§ What is needed
The output must match the lines from the first line of the listing below through the line holding "貴州省道真仡佬族苗族自治縣忠信鎮石筍村的絕壁通組公路(2020年1月15日攝,無(wú)人機照片)。新華社記者 陶亮 攝" exactly and must contain no pictures.
[[ Data listing open ]]
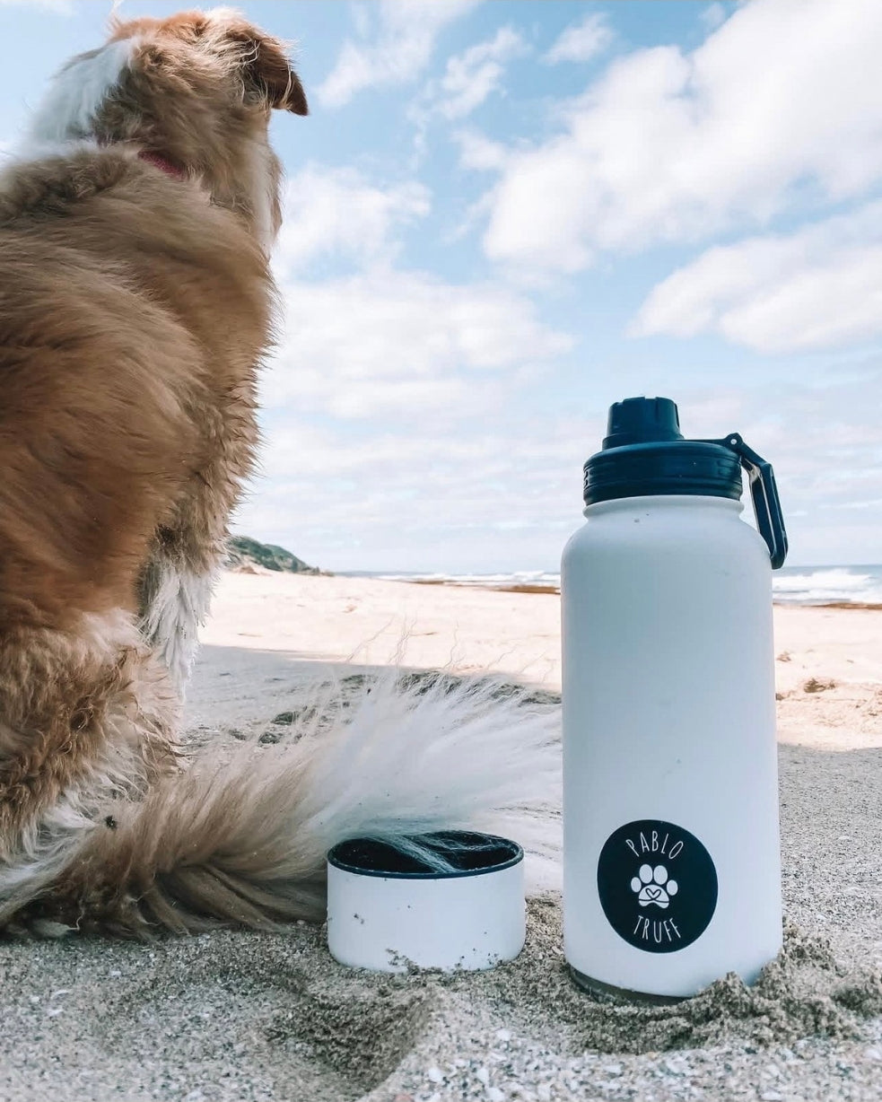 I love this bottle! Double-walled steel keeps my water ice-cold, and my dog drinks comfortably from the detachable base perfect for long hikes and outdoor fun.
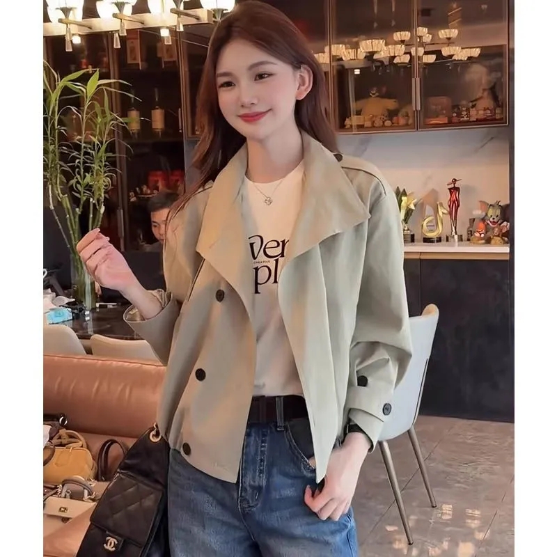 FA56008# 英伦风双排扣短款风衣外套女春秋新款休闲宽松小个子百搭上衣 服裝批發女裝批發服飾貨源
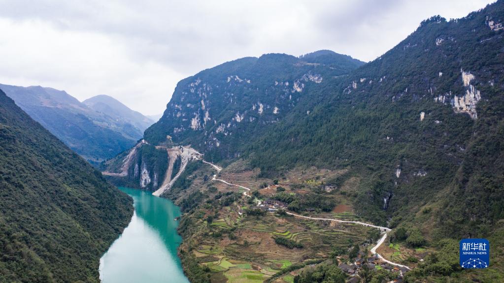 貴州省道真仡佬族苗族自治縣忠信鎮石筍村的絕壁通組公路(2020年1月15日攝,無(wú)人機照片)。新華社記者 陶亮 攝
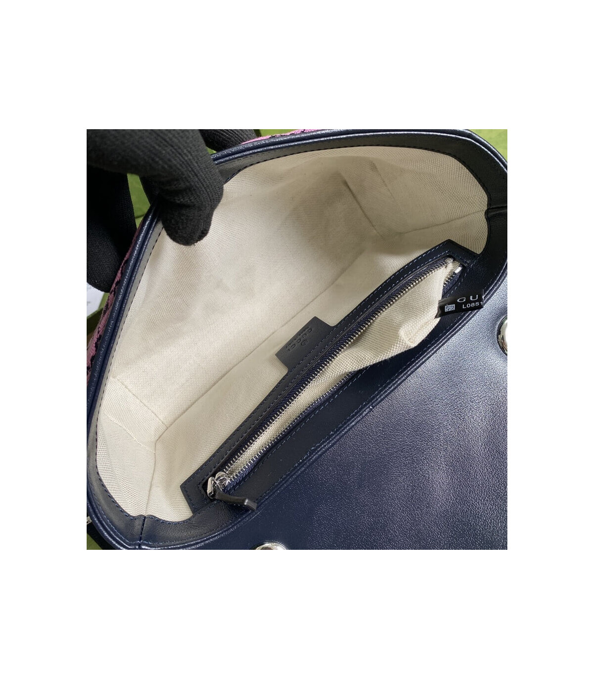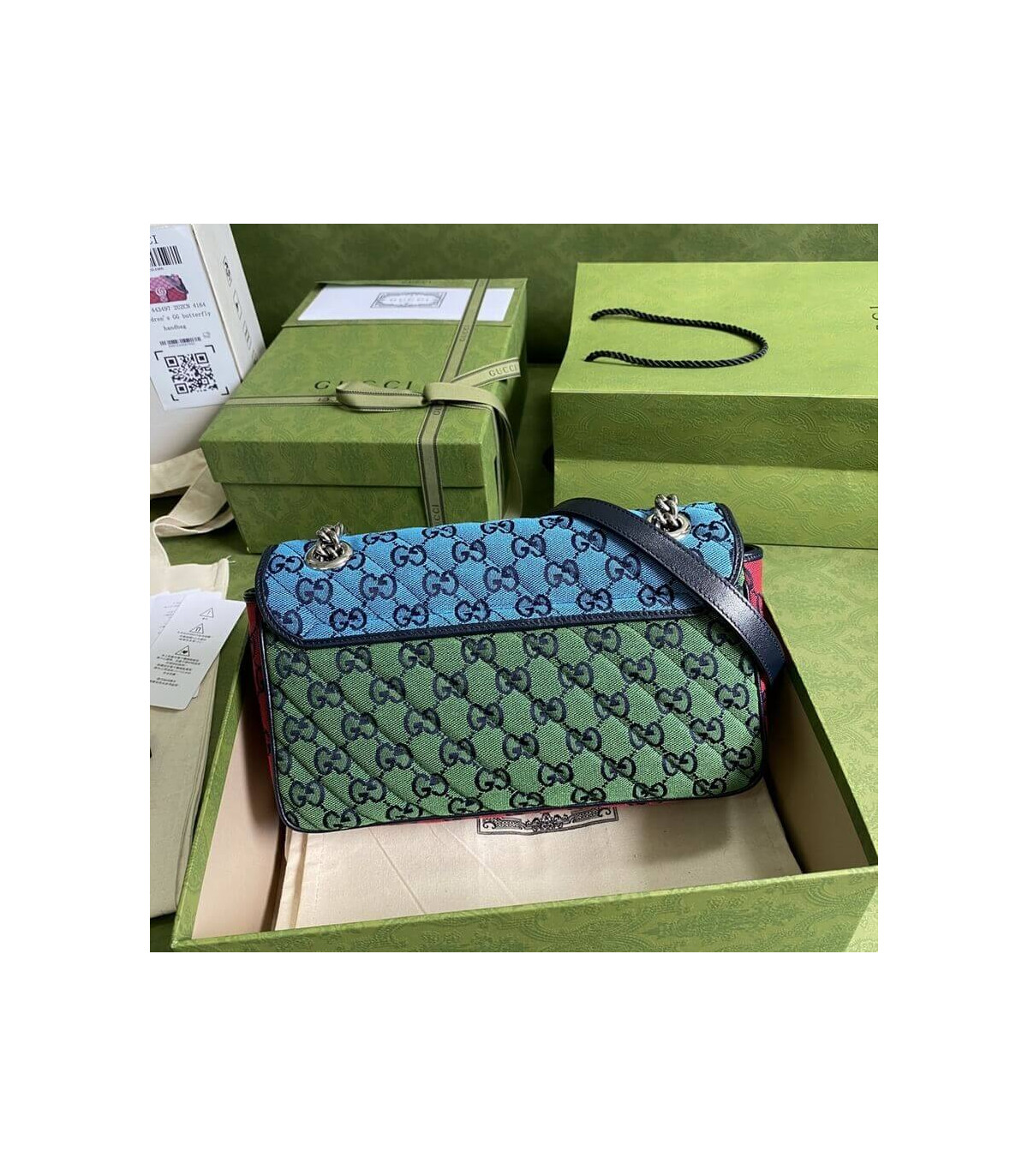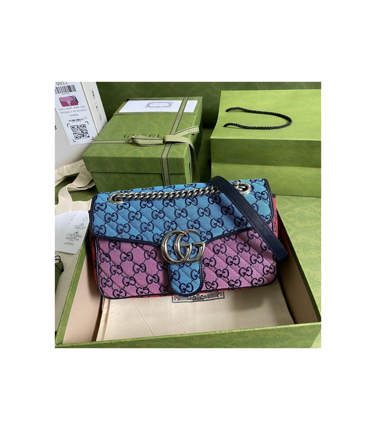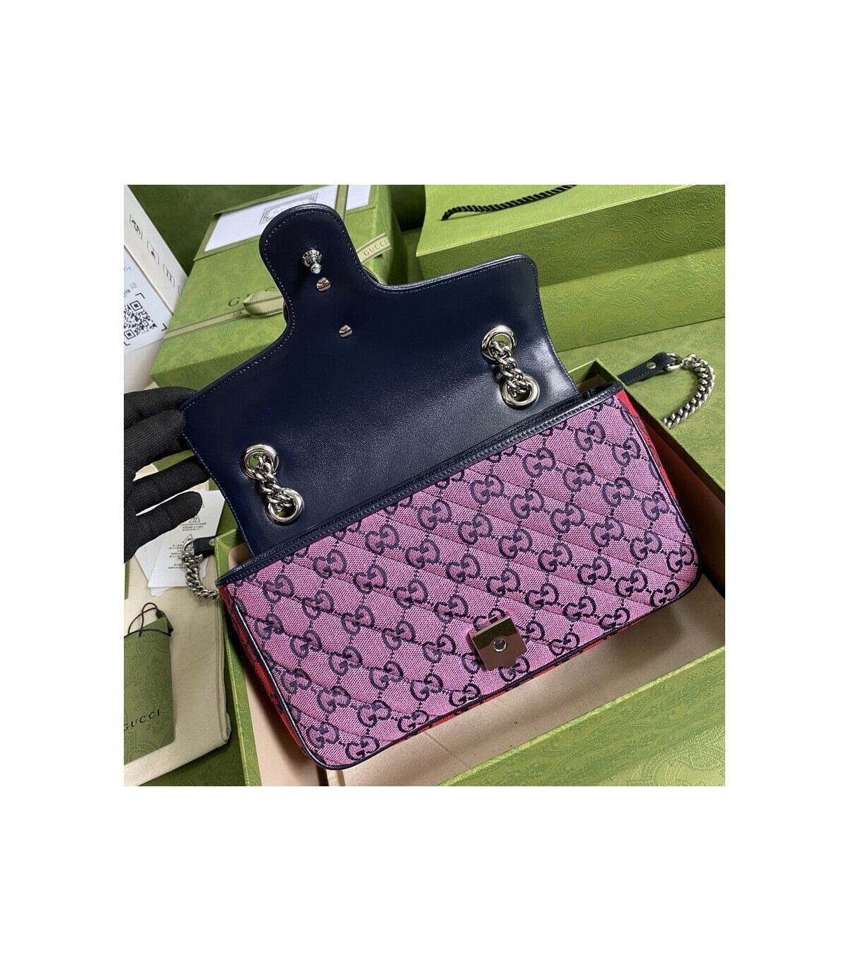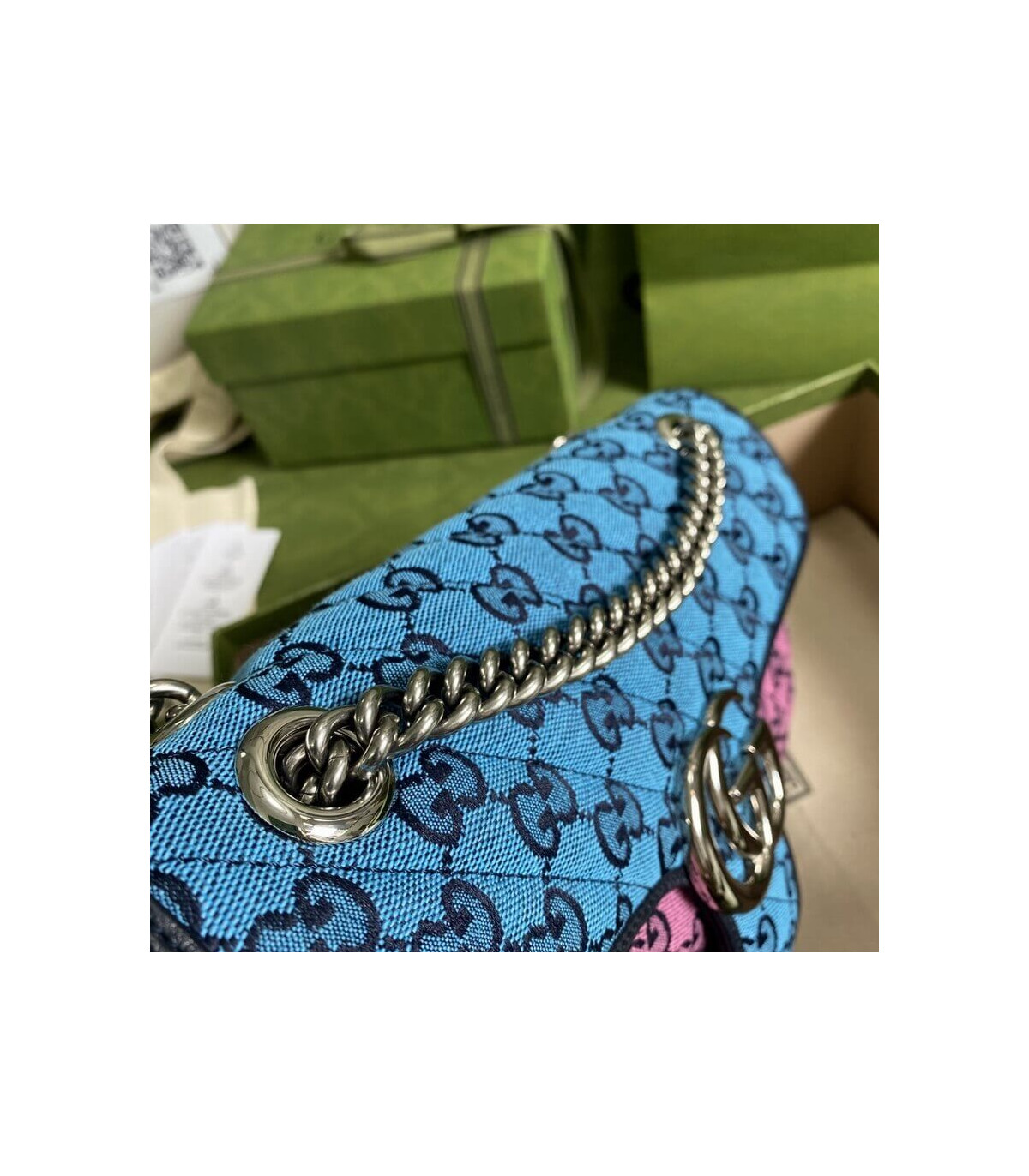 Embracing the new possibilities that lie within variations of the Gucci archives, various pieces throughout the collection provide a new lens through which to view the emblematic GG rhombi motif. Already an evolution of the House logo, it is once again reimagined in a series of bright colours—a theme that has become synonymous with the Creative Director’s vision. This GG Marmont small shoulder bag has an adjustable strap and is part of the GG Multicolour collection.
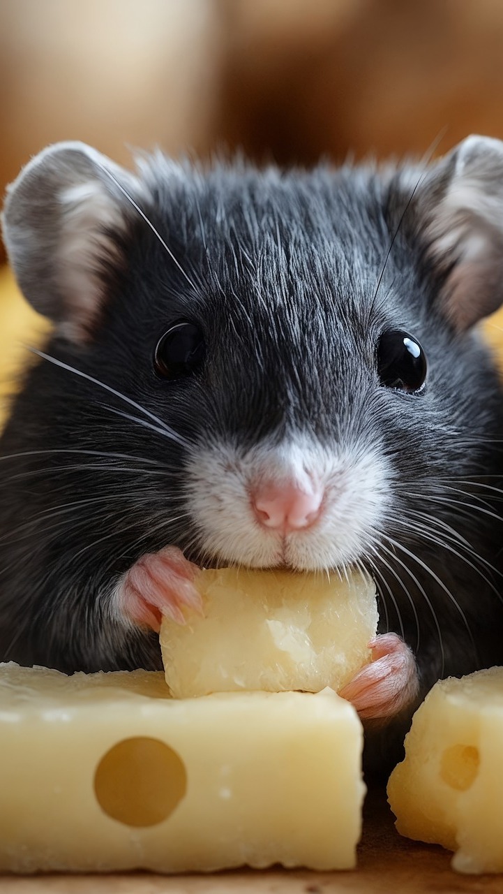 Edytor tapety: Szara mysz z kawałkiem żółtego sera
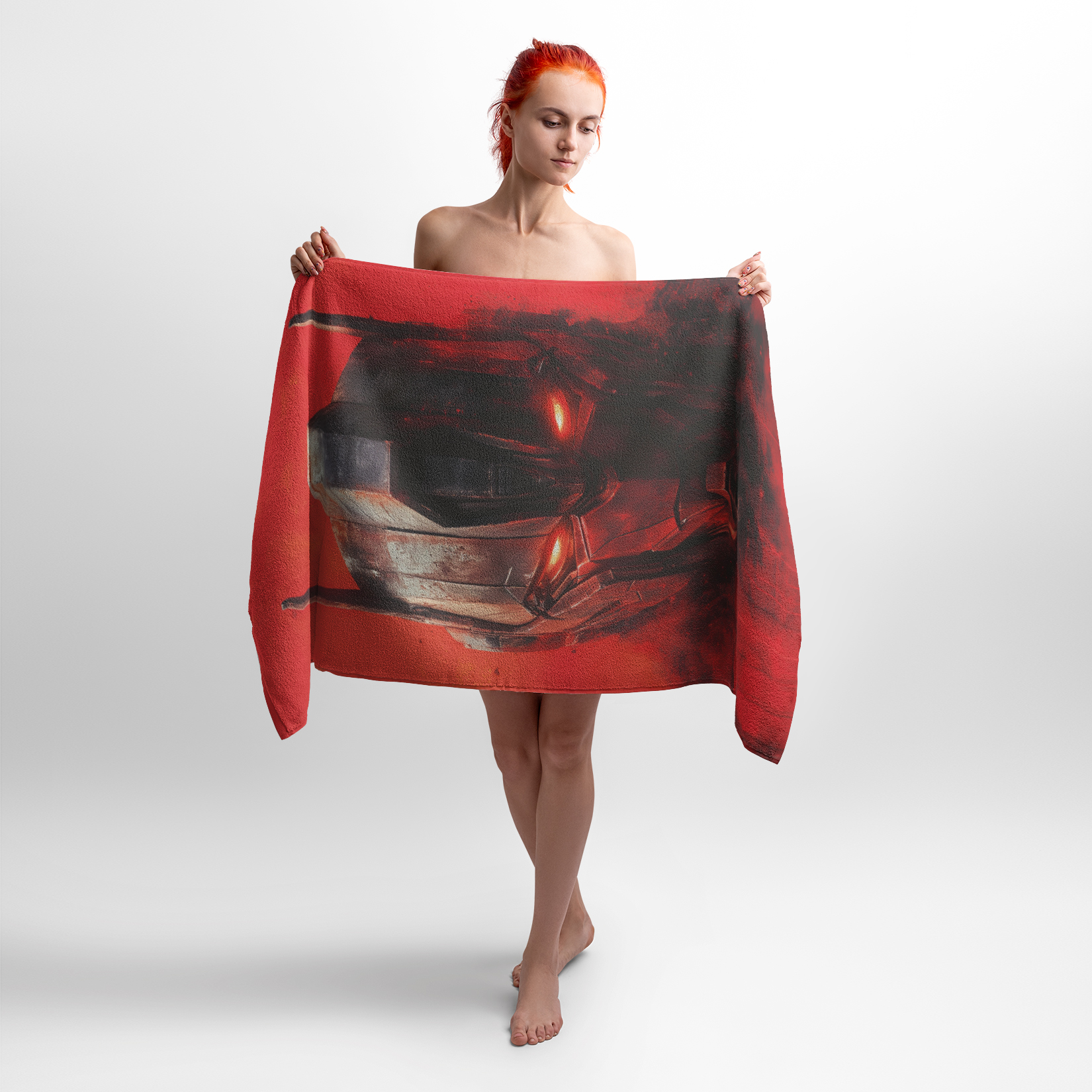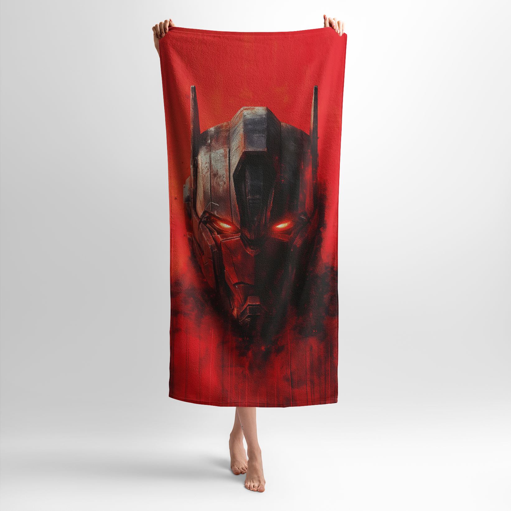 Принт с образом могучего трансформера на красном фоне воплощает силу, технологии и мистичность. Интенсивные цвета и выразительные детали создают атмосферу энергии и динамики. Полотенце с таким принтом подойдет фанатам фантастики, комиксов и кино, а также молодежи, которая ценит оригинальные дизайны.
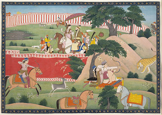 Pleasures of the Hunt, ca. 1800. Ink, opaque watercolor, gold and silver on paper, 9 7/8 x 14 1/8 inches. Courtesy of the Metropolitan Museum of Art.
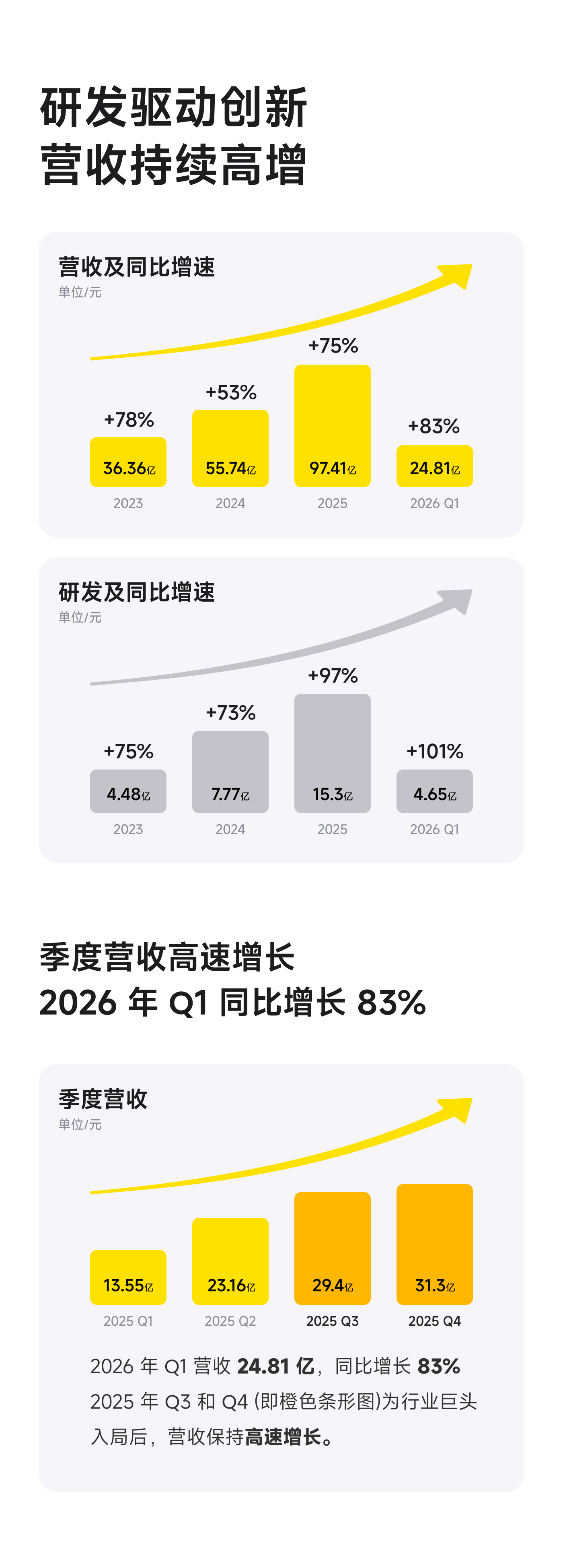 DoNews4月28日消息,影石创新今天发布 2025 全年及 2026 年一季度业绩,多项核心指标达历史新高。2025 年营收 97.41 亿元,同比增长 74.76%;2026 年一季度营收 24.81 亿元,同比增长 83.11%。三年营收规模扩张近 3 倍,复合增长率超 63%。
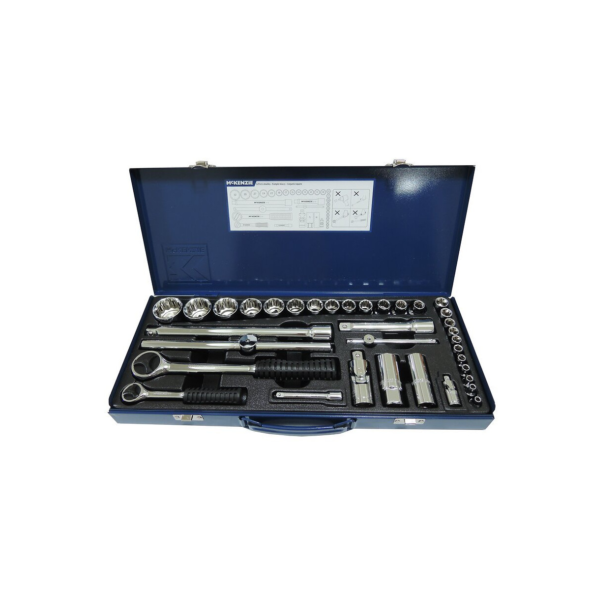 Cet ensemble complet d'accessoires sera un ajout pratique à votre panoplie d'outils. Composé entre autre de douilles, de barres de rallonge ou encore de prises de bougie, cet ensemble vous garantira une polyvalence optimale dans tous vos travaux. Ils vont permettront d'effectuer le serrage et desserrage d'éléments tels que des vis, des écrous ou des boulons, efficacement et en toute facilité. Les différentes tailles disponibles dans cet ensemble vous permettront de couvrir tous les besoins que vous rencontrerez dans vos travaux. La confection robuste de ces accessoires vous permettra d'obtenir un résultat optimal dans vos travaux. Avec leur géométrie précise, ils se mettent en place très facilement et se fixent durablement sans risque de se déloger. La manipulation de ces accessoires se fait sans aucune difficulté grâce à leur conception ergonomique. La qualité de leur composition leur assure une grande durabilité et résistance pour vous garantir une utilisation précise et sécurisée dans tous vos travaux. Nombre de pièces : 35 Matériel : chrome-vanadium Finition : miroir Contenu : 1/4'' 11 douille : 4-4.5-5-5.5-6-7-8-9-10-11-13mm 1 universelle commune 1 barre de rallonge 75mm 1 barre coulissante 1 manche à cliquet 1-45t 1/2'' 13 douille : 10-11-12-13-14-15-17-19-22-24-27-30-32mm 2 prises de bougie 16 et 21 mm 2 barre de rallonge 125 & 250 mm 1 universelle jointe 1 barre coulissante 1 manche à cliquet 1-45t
[[ Data listing closed ]]
§ Reply
 I love this bottle! Double-walled steel keeps my water ice-cold, and my dog drinks comfortably from the detachable base perfect for long hikes and outdoor fun.
 FA56008# 英伦风双排扣短款风衣外套女春秋新款休闲宽松小个子百搭上衣 服裝批發女裝批發服飾貨源
 貴州省道真仡佬族苗族自治縣忠信鎮石筍村的絕壁通組公路(2020年1月15日攝,無(wú)人機照片)。新華社記者 陶亮 攝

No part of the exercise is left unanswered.